Friday, 15 October 2010

Converting Microsoft Office (Word, Excel) documents to PDFs in Java

This question is asked a lot on the JDC and I'm sure will continue being asked now the JDC has been merged with the OTN.

The stock answer is a link to Apache POI and if you are lucky some complaints about not googling before asking. Alas this is not helpful - Apache POI is not a mature product and focused primarily on getting data and not on rendering the data.
A few other Java options exist for reading and writing Office documents exist but most focus on getting data or writing data, not rendering data.

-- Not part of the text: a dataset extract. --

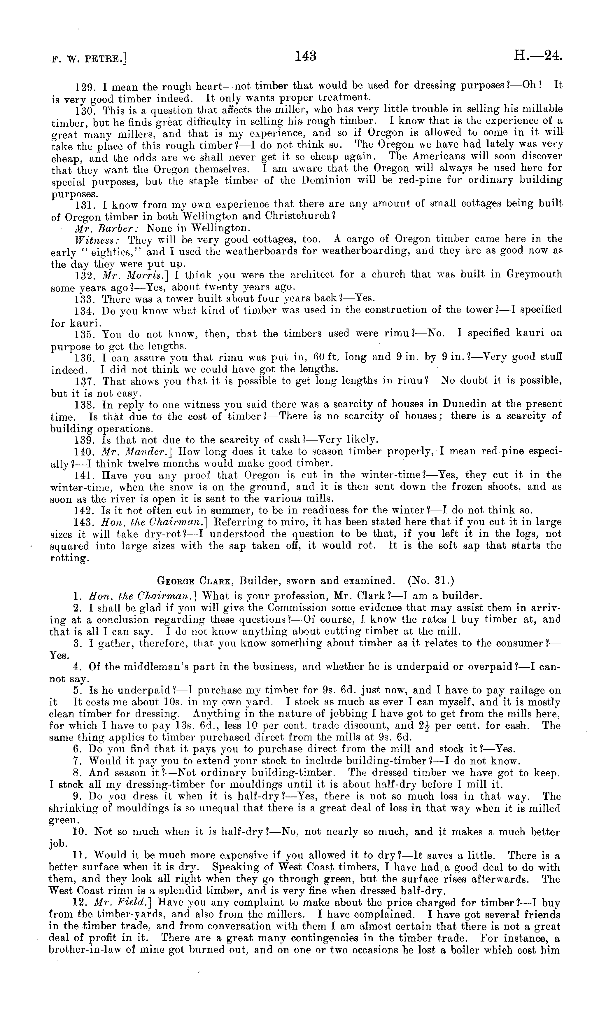 129. I mean the rough heart—not timber that would be used for dressing purposes? —Oh I It is very good timber indeed. It only wants proper treatment. 130. This is a question that affects the miller, who lias very little trouble in selling his millable timber, but he finds great difficulty in selling his- rough timber. I know that is the experience of a great many millers, and that is my experience, and so if Oregon is allowed to come in it willtake the place of this rough timber?—l do not think so. The Oregon we have had lately was very cheap, and the odds are we shall never get it so cheap again. The Americans will soon discover that they want the Oregon themselves. lam aware that the Oregon will always be used here for special purposes, but the staple timber of the Dominion will be red-pine for ordinary building purposes. 131. I know from my own experience that there are any amount of small cottages being built of Oregon timber in both Wellington and Christchurch? Mr. Barber: None in Wellington. Witness: They will be very good cottages, too. A cargo of Oregon timber came here in the early " eighties," and I used the weatherboards for weatherboarding, and they are as good now as the day they were put up. 132. Mr. Morris.'] I think you were the architect for a church that was built in Greymouth some years ago?— Yes, about twenty years ago. 133. There was a tower built about four years back?— Yes. 134. Do you know what kind of timber was used in the construction of the tower?—l specified for kauri. 135. You do not know, then, that the timbers used were rimu?—No. I specified kauri on purpose to get the lengths. 136. I can assure you that rimu was put in, 60ft, long and 9 in. by 9 in.? —Very good stuff indeed. I did not think we could have got the lengths. 137. That shows you that it is possible to get long lengths in rimu? —No doubt it is possible, but it is not easy. 138. In reply to one witness you said there was a scarcity of houses in Dunedin at the present time. Is that due to the cost of timber?— There is no scarcity of houses; there is a scarcity of building operations. 139. Is that not due to the scarcity of cash? —Very likely. 140. Mr. Mander.] How long does it take to season timber properly, I mean red-pine especially? —I think twelve months would make good timber. 141. Have you any proof that Oregon is cut in the winter-time?— Yes, they cut it in the winter-time, when the snow is on the ground, and it is then sent down the frozen shoots, and as soon as the river is open it is sent to the various mills. 142. Is it not often cut in summer, to be in readiness for the winter? —I do not think so. 143. Hon. the Chairman.'] Referring to miro, it has been stated here that if you cut it in large sizes it will take dry-rot?—l understood the question to be that, if you left it in the logs, not squared into large sizes with the sap taken off, it would rot. It is the soft sap that starts the rotting. George Clark, Builder, sworn and examined. (No. 31.) 1. Hon. the Chairman.] What is your profession, Mr. Clark? —I am a builder. 2. I shall be glad if you will give the Commission some evidence that may assist them in arriving at a conclusion regarding these questions? —Of course, I know the rates I buy timber at, and that is all I can say. Ido not know anything about cutting timber at the mill. 3. I gather, therefore, that you know something about timber as it relates to the consumer?— Yes. 4. Of the middleman's part in the business, and whether he is underpaid or overpaid?—l cannot say. 5. Is he underpaid?—l purchase my timber for 9s. 6d. just now, and I have to pay railage on it. It costs me about 10s. in my own yard. I stock as much as ever I can myself, and it is mostly clean timber for dressing. Anything in the nature of jobbing I have got to get from the mills here, for which I have to pay 13s. 6d., less 10 per cent, trade discount, and 2J per cent, for cash. The same thing applies to timber purchased direct from the mills at 9s. 6d. 6. Do you find that it pays you to purchase direct from the mill and stock it?— Yes. 7. Would it pay you to extend your stock to include building-timber?—l do not know. 8. And season it?— Not ordinary building-timber. The dressed timber we have got to keep. I stock all my dressing-timber for mouldings until it is about half-dry before I mill it. 9. Do you dress it when it is half-dry? —Yes, there is not so much loss in that way. The shrinking of mouldings is so unequal that there is a great deal of loss in that way when it is milled green. 10. Not so much when it is half-dry?—No, not nearly so much, and it makes a much better job. 11. Would it be much more expensive if you allowed it to dry?—lt saves a little. There is a better surface when it is dry. Speaking of West Coast timbers, I have had. a good deal to do with them, and they look all right when they go through green, but the surface rises afterwards. The West Coast rimu is a splendid timber, and is very fine when dressed half-dry. 12. Mr. Field.] Have you any complaint to make about the price charged for timber?—l buy from the timber-yards, and also from the millers. I have complained. I have got several friends in the timber trade, and from conversation with them I am almost certain that there is not a great deal of profit in it. There are a great many contingencies in the timber trade. For instance, a brother-in-law of mine got burned out, and on one or two occasions he lost a boiler which cost him

Three products that I know of can render Office documents:

JDocToPdf
Uses Apache POI to read the Word document and iText to write the PDF. Completely free, 100% Java but has some limitations.

Snowbound  Imaging SDK
Snowbound appears to be a 100% Java solution and costs over $2,500. It contains samples describing how to convert documents in the evaluation download.

OpenOffice API
OpenOffice is a native Office suite which supports a Java API. This supports reading Office documents and writing PDF documents. The SDK contains an example in document conversion (examples/java/DocumentHandling/DocumentConverter.java). To write PDFs you need to pass the "writer_pdf_Export" writer rather than the "MS Word 97" one.
Or you can use the wrapper API JODConverter.